Asadchev Andrey, Valeev Edward F
Department of Chemistry, Virginia Tech, Blacksburg, Virginia 24061, United States.
J Chem Theory Comput. 2023 Mar 28;19(6):1698-1710. doi: 10.1021/acs.jctc.2c00995. Epub 2023 Mar 14.
To improve the efficiency of Gaussian integral evaluation on modern accelerated architectures, FLOP-efficient Obara-Saika-based recursive evaluation schemes are optimized for the memory footprint. For the 3-center 2-particle integrals that are key for the evaluation of Coulomb and other 2-particle interactions in the density-fitting approximation, the use of multiquantal recurrences (in which multiple quanta are created or transferred at once) is shown to produce significant memory savings. Other innovations include leveraging register memory for reduced memory footprint and direct compile-time generation of optimized kernels (instead of custom code generation) with compile-time features of modern C++/CUDA. Performance of conventional and CUDA-based implementations of the proposed schemes is illustrated for both the individual batches of integrals involving up to Gaussians with low and high angular momenta (up to = 6) and contraction degrees, as well as for the density-fitting-based evaluation of the Coulomb potential. The computer implementation is available in the open-source LibintX library.

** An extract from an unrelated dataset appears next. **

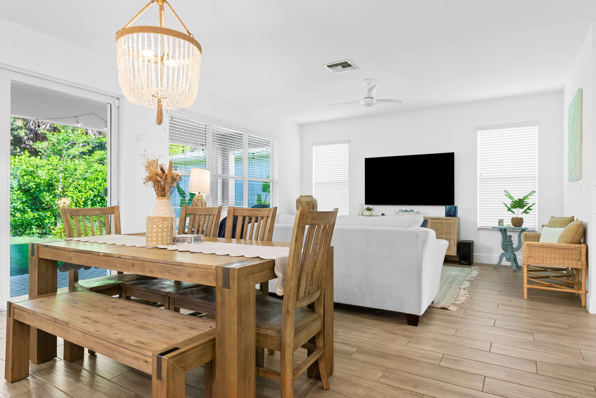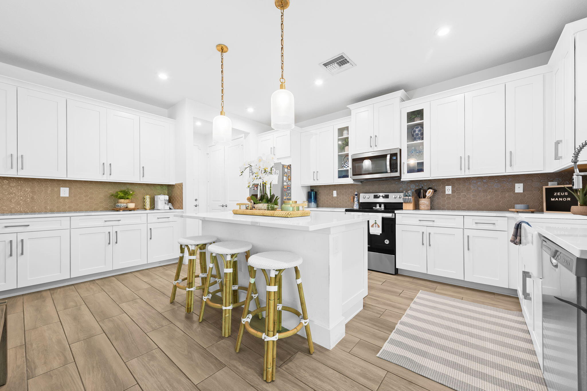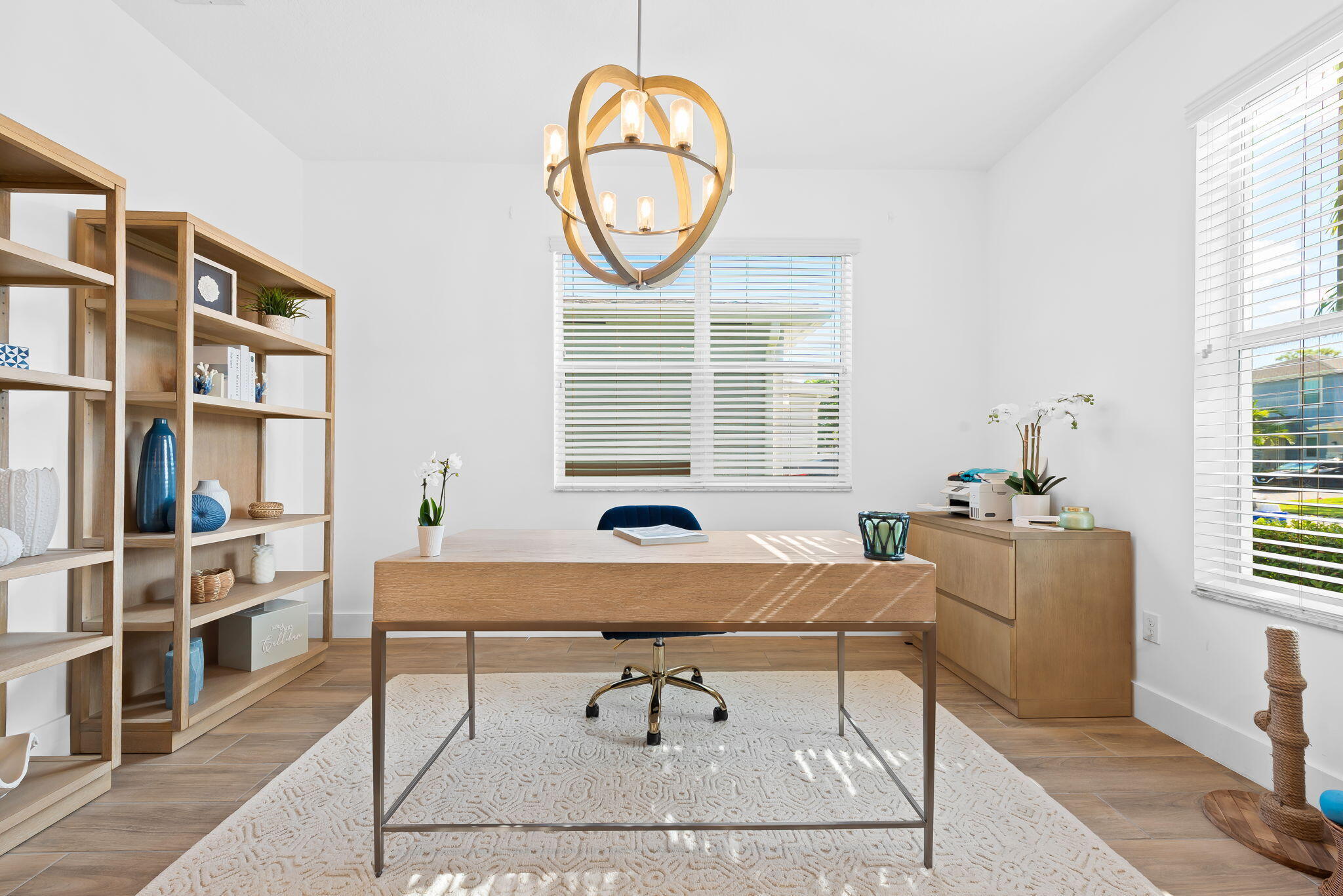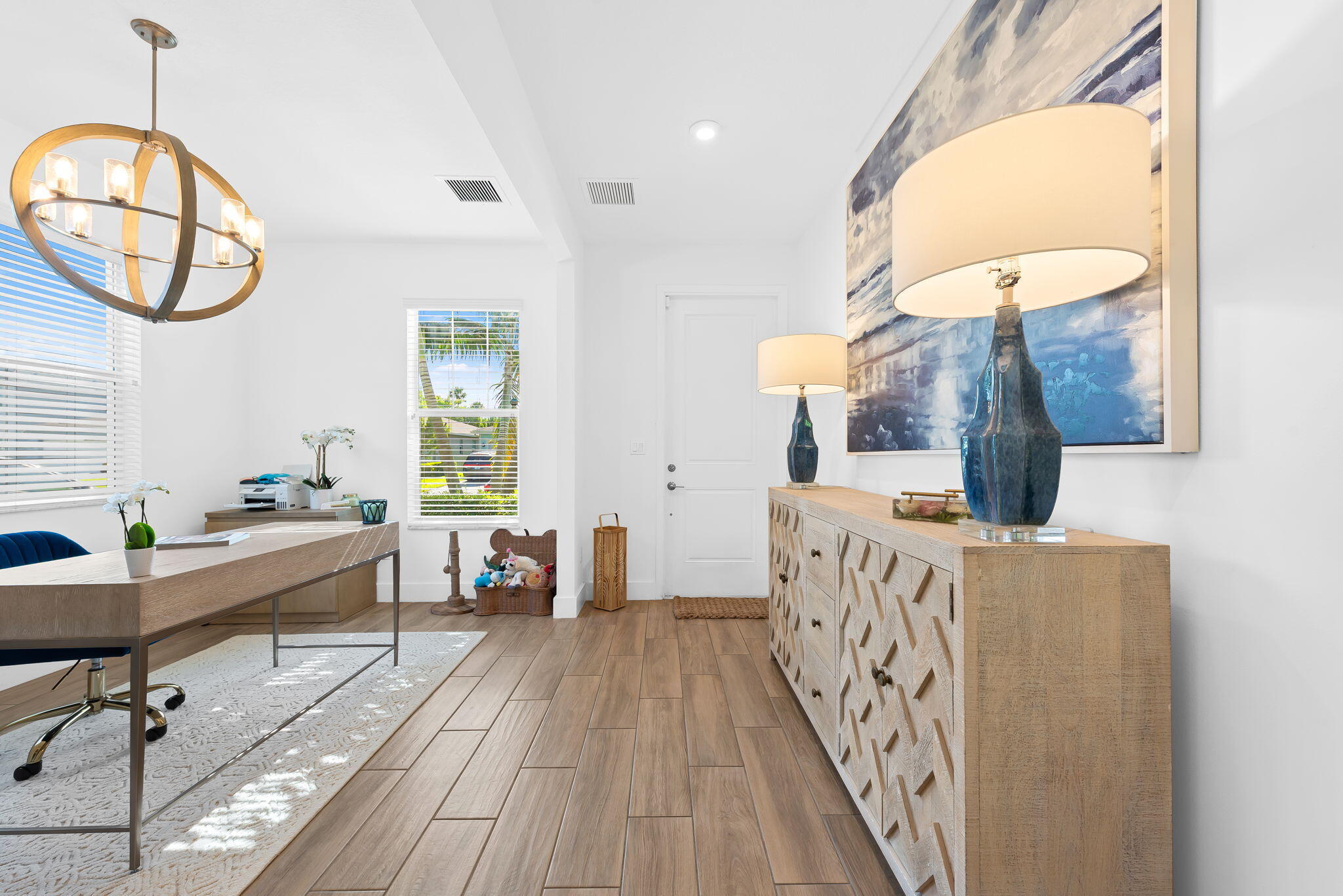Built in 2021, New Everything, Move-In Ready! Located in the gated community of Solcera that features a resort-style pool, playground, and dog park. Inside, the layout begins with a versatile flex room, then opens to a bright living dining area and a gourmet kitchen with abundant cabinetry and counter space. Sliding doors lead to a covered patio and fenced backyard that overlooks a lush landscaping area with oak trees. Upstairs, a spacious landing area with loft/den space connects to 3 bedrooms, including a generous primary suite. Enjoy low gated security, and easy access to I-95, Florida's Turnpike, top parks, Downtown WPB, and the area's best beaches.

为提高在现代加速架构上高斯积分求值的效率,基于高效浮点运算(FLOP)的、以小原-斋贺算法为基础的递归求值方案针对内存占用进行了优化。对于在密度拟合近似中评估库仑及其他双粒子相互作用的关键三中心双粒子积分,使用多量子递归(即一次创建或转移多个量子)可显著节省内存。其他创新包括利用寄存器内存以减少内存占用,以及利用现代C++/CUDA的编译时特性直接在编译时生成优化内核(而非生成定制代码)。针对涉及低角动量和高角动量(最高(l = 6))以及收缩度的高达高斯函数的单个积分批次,以及基于密度拟合的库仑势评估,展示了所提方案的传统实现和基于CUDA的实现的性能。计算机实现可在开源的LibintX库中获取。